Required action =>
Starting at the first line of the data, print each line verbatim up to and including the line bearing "Pore size distribution", omitting pictures.

Data below =>

[Start of Attachment]

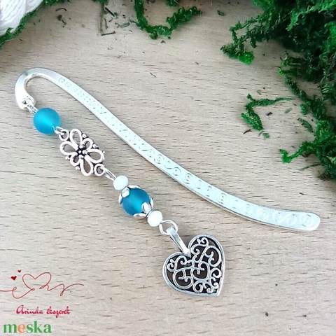 Szív charm könyvjelző pedagógusnapra – világoskék gyöngyökkel
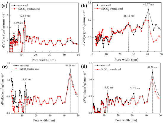 Pore size distribution (PSD) for the raw and ScCO2-treated coal samples determined by N2 adsorption: (a) DL coal; (b) ZL coal; (c) GY coal; (d) DT coal.
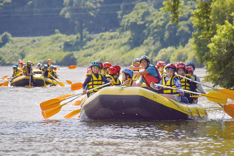 全長214kmの川の一部を下る「千曲川ラフティング」にも挑戦!夏の時期にぴったりのひんやりウォーターアクティビティを満喫しよう★ラフティングが終わったら温泉に入って頑張った身体を癒します◎ -

[End of Attachment]

Your solution =>
 Szív charm könyvjelző pedagógusnapra – világoskék gyöngyökkel
 Pore size distribution (PSD) for the raw and ScCO2-treated coal samples determined by N2 adsorption: (a) DL coal; (b) ZL coal; (c) GY coal; (d) DT coal.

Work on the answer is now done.